▸ **Exercise objective**: Without copying the images, write out all the entries below verbatim.

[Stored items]
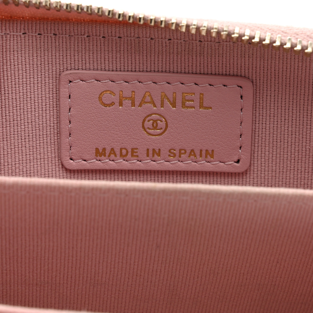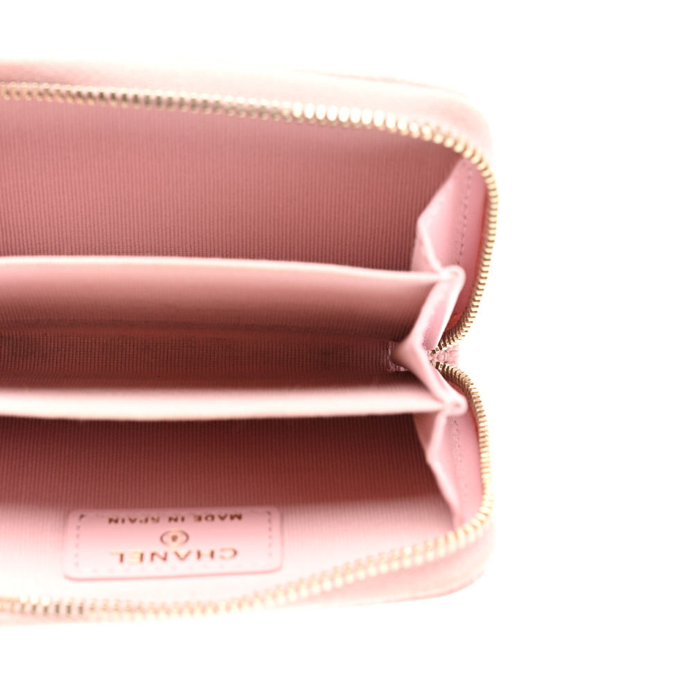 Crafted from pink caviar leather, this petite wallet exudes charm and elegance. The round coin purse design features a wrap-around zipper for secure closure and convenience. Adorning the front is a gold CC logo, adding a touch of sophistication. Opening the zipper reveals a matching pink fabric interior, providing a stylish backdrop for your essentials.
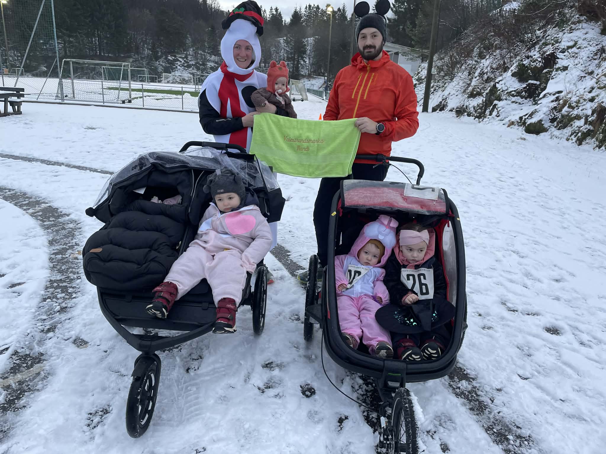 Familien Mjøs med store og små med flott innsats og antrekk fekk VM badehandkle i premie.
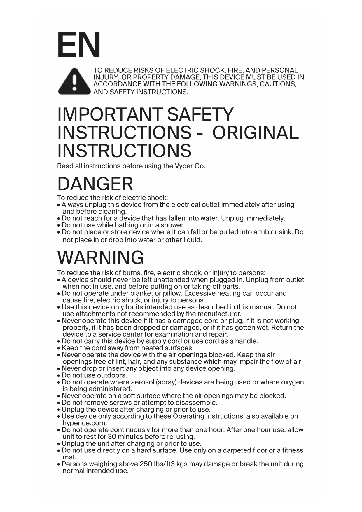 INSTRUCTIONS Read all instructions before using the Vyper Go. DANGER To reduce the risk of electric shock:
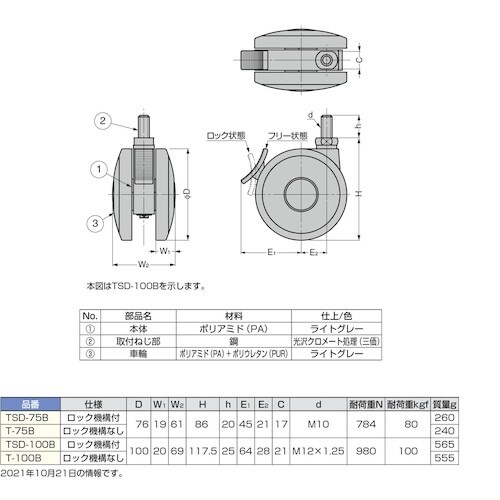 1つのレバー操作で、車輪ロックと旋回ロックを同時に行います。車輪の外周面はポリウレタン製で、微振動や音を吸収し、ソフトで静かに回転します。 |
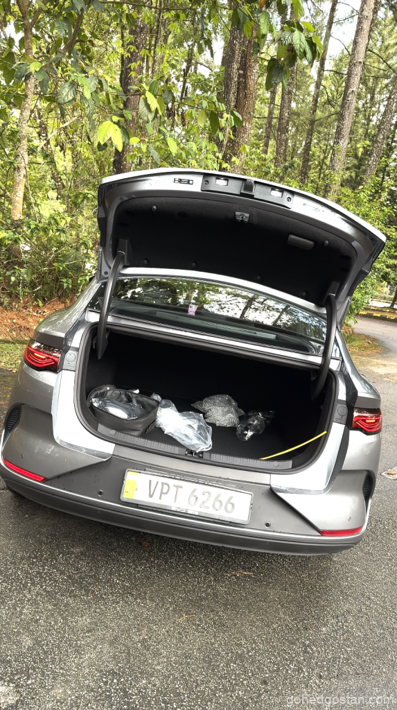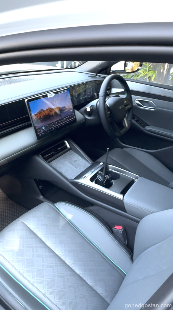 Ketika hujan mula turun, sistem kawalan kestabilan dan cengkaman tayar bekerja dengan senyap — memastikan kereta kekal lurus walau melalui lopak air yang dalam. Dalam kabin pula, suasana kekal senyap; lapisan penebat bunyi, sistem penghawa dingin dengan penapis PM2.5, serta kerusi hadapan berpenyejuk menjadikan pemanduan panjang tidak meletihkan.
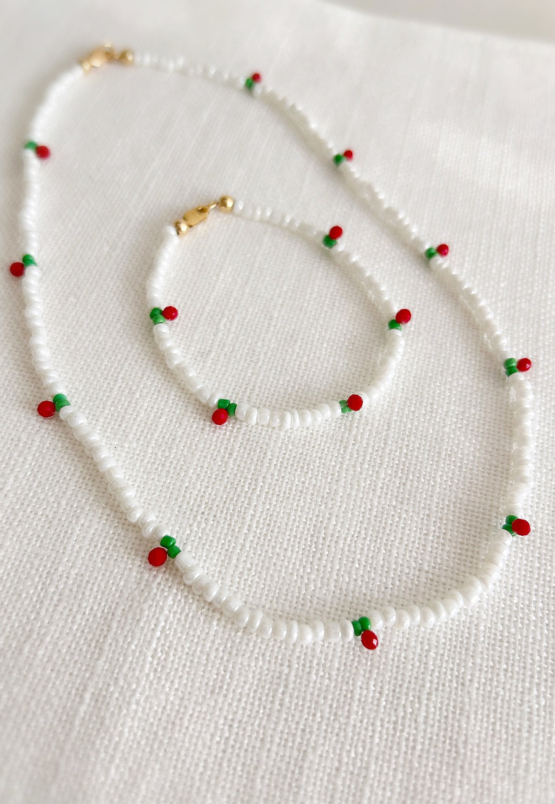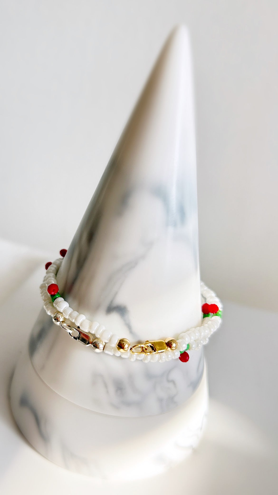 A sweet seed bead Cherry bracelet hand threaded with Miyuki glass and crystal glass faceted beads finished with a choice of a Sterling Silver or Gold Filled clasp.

▸ **Written reply**:
 Crafted from pink caviar leather, this petite wallet exudes charm and elegance. The round coin purse design features a wrap-around zipper for secure closure and convenience. Adorning the front is a gold CC logo, adding a touch of sophistication. Opening the zipper reveals a matching pink fabric interior, providing a stylish backdrop for your essentials.
 Familien Mjøs med store og små med flott innsats og antrekk fekk VM badehandkle i premie.
 INSTRUCTIONS Read all instructions before using the Vyper Go. DANGER To reduce the risk of electric shock:
 1つのレバー操作で、車輪ロックと旋回ロックを同時に行います。車輪の外周面はポリウレタン製で、微振動や音を吸収し、ソフトで静かに回転します。 |
 Ketika hujan mula turun, sistem kawalan kestabilan dan cengkaman tayar bekerja dengan senyap — memastikan kereta kekal lurus walau melalui lopak air yang dalam. Dalam kabin pula, suasana kekal senyap; lapisan penebat bunyi, sistem penghawa dingin dengan penapis PM2.5, serta kerusi hadapan berpenyejuk menjadikan pemanduan panjang tidak meletihkan.
 A sweet seed bead Cherry bracelet hand threaded with Miyuki glass and crystal glass faceted beads finished with a choice of a Sterling Silver or Gold Filled clasp.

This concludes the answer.